The vision of wearable biomedical systems capable of monitoring, healing, or even replacing damaged functionalities in the human body is gradually turning into foreseeable future technology, supported by the advancements in miniaturized and flexible electronics. Among these, electronic skin (e-skin) is one of the most interesting concepts, aiming to mimic the tactile and sensory properties of natural skin, in applications as prosthetics, robotics, and vital sign monitoring.
A central requirement of such a device is biocompatibility. For this aim, we have proposed to develop PepZoSkin (peptide-based piezoelectric skin), an ultra-thin, flexible, self-powered e-skin device that combines innovative piezoelectric materials, microelectronics, and sensors for wearable and implantable applications. Piezoelectricity describes the capacity of certain materials to generate an electric potential when subjected to mechanical stress and vice-versa. In the frame of the ERC- BISON-694426 project, our team has successfully synthesized a family of novel piezoelectric peptide-based materials. These new materials are composed of di- or tri-peptides (e.g. hydroxyproline-phenylalanine-phenylalanine (Hyp-Phe-Phe)), that self-assemble into 3D structures, which can be arranged as a thin layer. Our vision is to turn these materials into a key component of next-generation compact and self-powered wearable and implantable systems, targeting e-skin applications as a market entry point.
The project was composed of three main levels: 1. The material level- choosing the best peptides for the task and developing a deposition method for fabricating the optimized thin layer; 2. Developing an in-house system for piezoelectrical measurements; and 3. Testing the samples and optimizing the results.
At the first level, the deposition method developed herein was based on the study of peptide self-assembly and growth under various conditions to produce the optimized alignment. The effect of various factors such as humidity, peptide concentration, and temperature, on structure formation during the deposition process was examined. The formed structures were evaluated under scanning electron microscope and the best architectures were selected for further processing and analysis. These included the selection of the most fitting electrodes and optimization of their contact points.

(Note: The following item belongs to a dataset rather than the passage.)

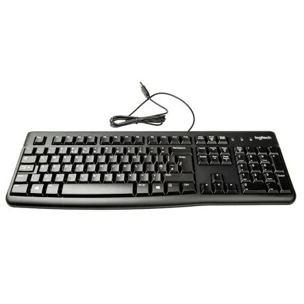 *Tested under limited conditions (maximum of 60 ml liquid spillage). Do not immerse keyboard in liquid. Logitech Keyboard K120. The Logitech Keyboard K120 for Business is the budget-friendly keyboard that ‘s built to last. You ‘ll enjoy a comfortable and quiet typing experience thanks to the low-profile keys that barely make a sound, and standard layout with full-size F-keys and number pad. Virtually silent, low-profile keys Industry standard layout with full-size F-keys and number pad Sleek, thin profile keyboard with a spill-resistant design* Plug-and-play USB connection Bold, bright white characters Sturdy, adjustable tilt legs Curved space bar. System Requirements:. Windows-based PC Windows® XP, Windows Vista® or Windows® 7 USB port Linux® Linux® kernel 2.6+ USB port

At the second level, we first used a commercial piezometer which is considered to be a useful instrument to determine the piezoelectric performance of materials. However, we faced several challenges with these tests, including the inability to obtain reproducible and valid results. We therefore decided to design a measurement system for piezoelectric performance characterization in our lab rather than to use a commercial piezometer. Our costume-made piezoelectric testing lab for piezoelectric performance evaluation was designed to measure the direct piezoelectric effect, i.e. measure the voltage generated by a piezoelectric sample in response to force application. We successfully established a reliable, costume-made, piezoelectric measurement system.
At the third level, using our newly-designed measurement system, the piezoelectric response and coefficients of the aligned peptide layer were analyzed. Our results emphasize the challenge of realizing the full potential of such materials at the macroscale, thereby fabricating a functional piezoelectric unit. The piezoelectric performance can be further improved by applying an electric field during self-assembly. We have recently purchased a high-voltage power supply and we are currently working on the integration of electric field application during the deposition.